Esoteric and deeply philosophical, biodynamic viticulture often overlaps with natural wine and a ‘back-to-the-roots’ ethic. Blue-chip Bordeaux isn’t its obvious spiritual home. Burgundy or Alsace are more likely candidates, where many top producers work with biodynamics – Zind-Humbrecht, Ostertag, Domaine Leflaive, Domaine de la Romanée-Conti to name a few. Beaujolais or the Loire could also make persuasive cases.
Scroll down for Simon Woolf’s top 12 wine picks from Bordeaux converts
But Bordeaux? The world’s most famous wine region has struggled to be part of the 21st-century ecology conversation. Instead, it has made multiple headlines for overuse of pesticides, in some cases causing schools to evacuate pupils and vineyard workers to sue employers. Then there’s the love affair with rich Asian customers, the consolidation and the buyouts that make it feel more akin to a giant boardroom than a viticultural area.
New York Times wine critic Eric Asimov took a barometer reading in 2016: ‘Nobody wants to talk about Bordeaux much these days, except for people in the Bordeaux trade who spend a lot of time discussing why nobody is talking about it.’ Has Bordeaux lost its way, as implied by Comme, and mutated from a beverage into a luxury product or a manipulated, homogeneous wine just made for millionaires?
It has certainly lagged behind other famed appellations as they steer increasingly towards organic and biodynamic viticulture. Their motivation? To seek maximum vineyard expression and to sustain the most precious asset of all: their soils.

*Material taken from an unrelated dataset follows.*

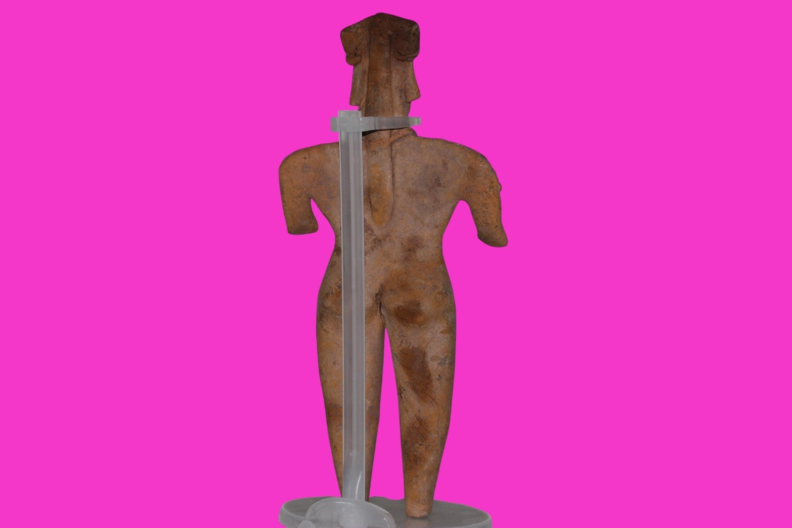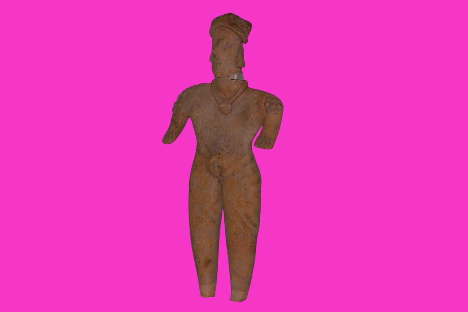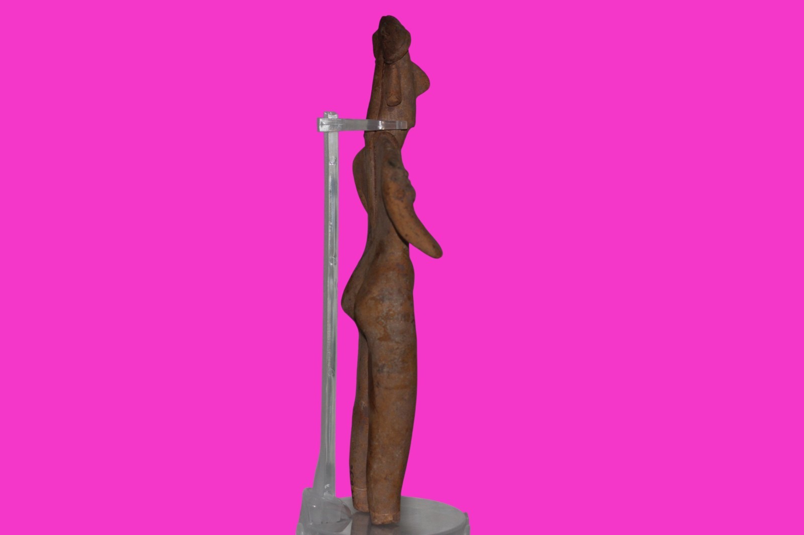 Dimensions: 8 ½ inches tall, 4 inches wide, weighs 307 grams.History: The deceased were lowered tied to boards through long shafts into tombs where workers arranged the bodies in their final resting places, often alongside previously interred family members. Tomb figures were placed with the fallen to provide companionship, guidance, and protection in the afterlife. Description: Tall female Shaman figure wearing headgear with 14 shoulder nodes. Professionally repaired and restored. Overall Outstanding condition. Manganese Dioxide Reactivity Test Results: 40% hydrogen peroxide was applied to multiple manganese blooms that resulted in a chemical reaction confirming approximately 2000 years of underground burial. Provenance: Ex. Private Nevada collection. Ex. Dr. David Harner collection, Arkansas, 1950’s -1960’s.Ex. Arte Primitivo Fine Art Gallery, February 2025. Acquired by The Artifact City Collection in 2025.

Comparisons with Alsace are illustrative: both regions claim roughly the same number of biodynamic certified growers (about 50), yet Alsace has barely more than a tenth of the vineyard surface (15,600ha compared with Bordeaux’s 120,000ha) and only 970 producers compared with Bordeaux’s 6,000. About 7% of Bordeaux’s vineyards are certified organic and fewer than 1% are biodynamic. In Alsace, 16% are organic and almost 6% (880ha) are biodynamic.
Climate challenge
The Bordelais have often protested that their wet, humid climate makes it near impossible to implement organic or biodynamic practices – mildew is the bane of Bordeaux, and treating it effectively without recourse to synthetics is challenging. Yet as passionate organic and biodynamic wine-growers now thrive everywhere – from the mildly soggy Wales to the verdantly damp Vinho Verde – this assertion increasingly lacks integrity. Still, generalisations cannot do justice to the gargantuan Bordeaux. More environmentally sensitive vineyard practices may not have been the priority of the classed growths (at least until recently) but the hinterlands of the Right Bank reveal another side to the story.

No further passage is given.